R. Plummer1, T. Liu1, N. Ciomek2, J. Yoo1 1Tufts Medical Center,Surgery,Boston, MA, USA 2Tufts Medical Center,Pathology,Boston, MA, USA
Introduction: The myofibroblast (MFB) is an inportant stromal cell of the GI tract that has been implicated in the pathophysiology of colorectal cancer (CRC). Angiogenin (ANG), a secreted 14-kDa member of the ribonuclease superfamily, enhances cell growth and survival. We recently reported that ANG regulates cell signaling events within the MFB, but the impact of MFB-derived ANG on CRC has not been previously studied. Our goal was to evaluate the role of MFB-derived ANG on CRC growth in a novel mouse model involving orthotopic implantation of primary CRC and MFB cells via murine colonoscopy.
Methods: After isoflurane anesthesia, a colonoscopy was performed with endoscopic microinjection of a cell suspension that contained genetically defined (ApcΔ /Δ ;Kras G12D/+;Trp53Δ /Δ ) primary mouse CRC cells (1×104-4×104) into 8-10 week-old wild-type (WT) and ANG-knockout (ANG-KO) C57BL/6 mice. In a second set of experiments, CRC cells (4×104) were injected with primary syngeneic WT or ANG-KO MFB (2×105) into WT and ANG-KO C57BL/6 mice. A follow-up colonoscopy was performed weekly for 4 weeks with photo and video documentation. Tumor size was graded based on tumor diameter relative to colon circumference (grade 1=just detectable; grade2=1/8; grade3=1/4; grade 4=1/2). Endoscopic data was correlated with anatomic/histologic findings.

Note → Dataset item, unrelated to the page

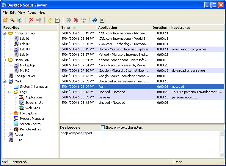 Desktop Scout is a powerful computer surveillance program which can be used in the home, school or office to monitor and record every detail of PC and Internet activity. The program contains several integrated tools which work together to record all programs used, keystrokes typed, web sites visited, files created or changed, and a screenshot logger which can take hundreds of snapshots every hour. The surveillance logs can be viewed in real-time from a remote computer, so you can monitor your kids or employees remotely from the comfort of your own workstation. You can even watch or control the users desktop, transfer files, start and stop programs, launch web sites and documents, log off, restart or shutdown the computer remotely. The program incorporates a high level of security and data privacy measures. Access to the program and logs is restricted by an administrator password, network traffic is encrypted to prevent eavesdropping, and logs are compressed and encrypted before storage. The program runs as a Windows service, which makes it impossible for users without administrator privileges to disarm or uninstall.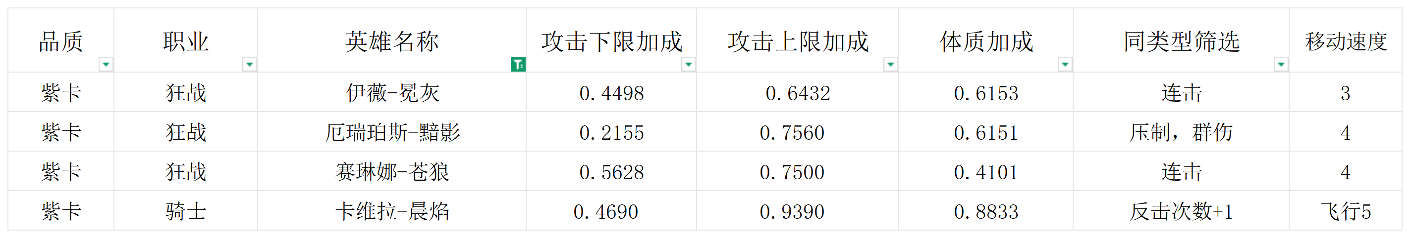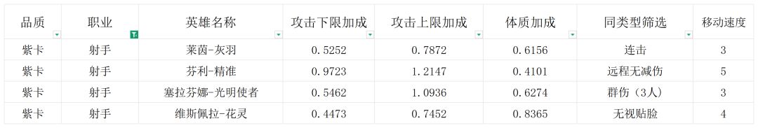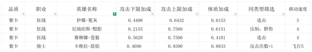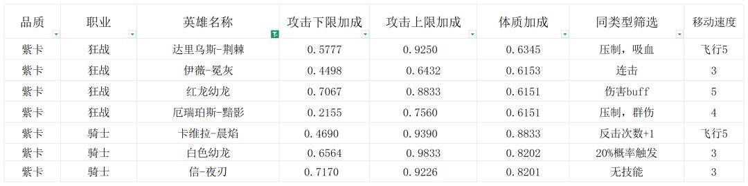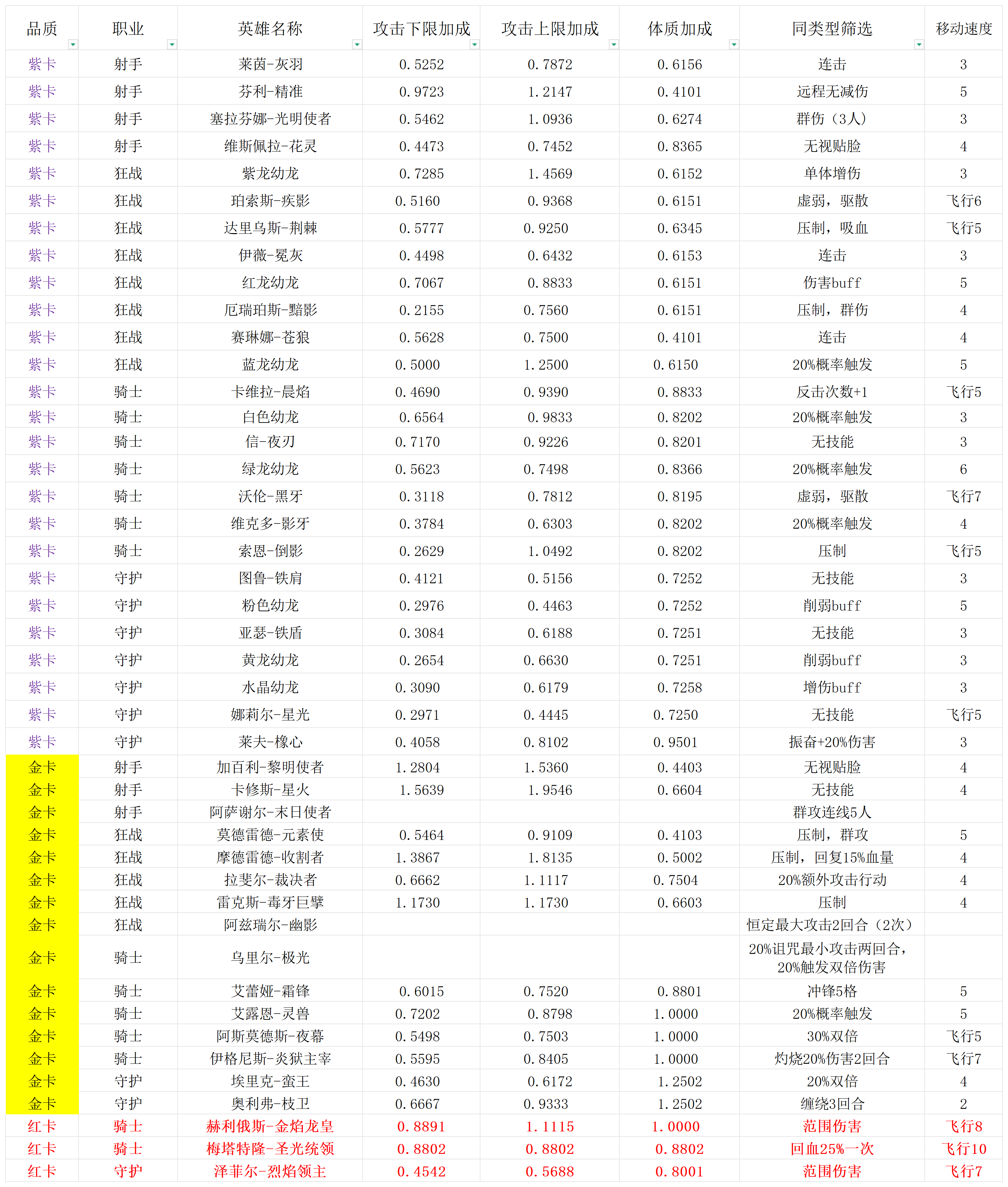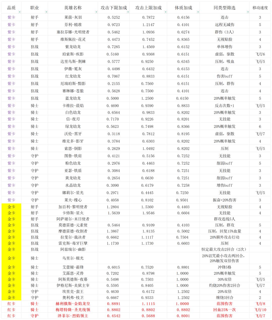 这是目前现有统计到的英雄数据,大家在搭配阵容的时候可以作为一个参考来使用

Results: A total of 37 mice were injected with a survival rate of 94%. Injected CRC cells successfully implanted in colon submucosa of WT immune-competent mice and grew in a dose-dependent fashion (Week 1: 5×103 – grade 0, 1×104 – grade 1, 4×104 – grade 1.4, n=17 total) that persisted over 4 weeks. However, injected CRC cells at all concentrations failed to grow in ANG-KO mice over 4 weeks (grade 0, n=8). Compared to injection of CRC cells alone, co-injection of CRC with WT MFB in WT mice led to enhanced tumor growth (Week 1: grade 3.3, n=4). Tumor growth was unchanged following co-injection of CRC with WT MFB in ANG-KO mice (Week 1: grade 3.1, n=4). However, there was significantly diminished tumor growth following co-injection of CRC with ANG-KO MFB in ANG-KO mice (Week 1: grade 1.5, n=4).

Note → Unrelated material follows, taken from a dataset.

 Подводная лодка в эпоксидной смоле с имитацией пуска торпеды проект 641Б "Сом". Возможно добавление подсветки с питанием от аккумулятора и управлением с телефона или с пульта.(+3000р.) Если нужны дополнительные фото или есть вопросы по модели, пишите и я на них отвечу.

Conclusion: Orthotopic implantation of CRC leads to dose-dependent tumor growth in WT mice but no growth in ANG-KO mice, suggesting that ANG is required for tumor growth. WT MFB enhances tumor growth when orthotopically co-injected with primary CRC in WT mice. This effect can be sustained when host ANG is absent (ANG-KO mice) but MFB-derived ANG (WT MFB) is still present. However, the loss of both host ANG (ANG-KO mice) and MFB-derived ANG (ANG-KO MFB) resulted in markedly reduced tumor formation and growth. These results suggest that MFB enhances CRC growth through a mechanism that involves MFB-derived ANG.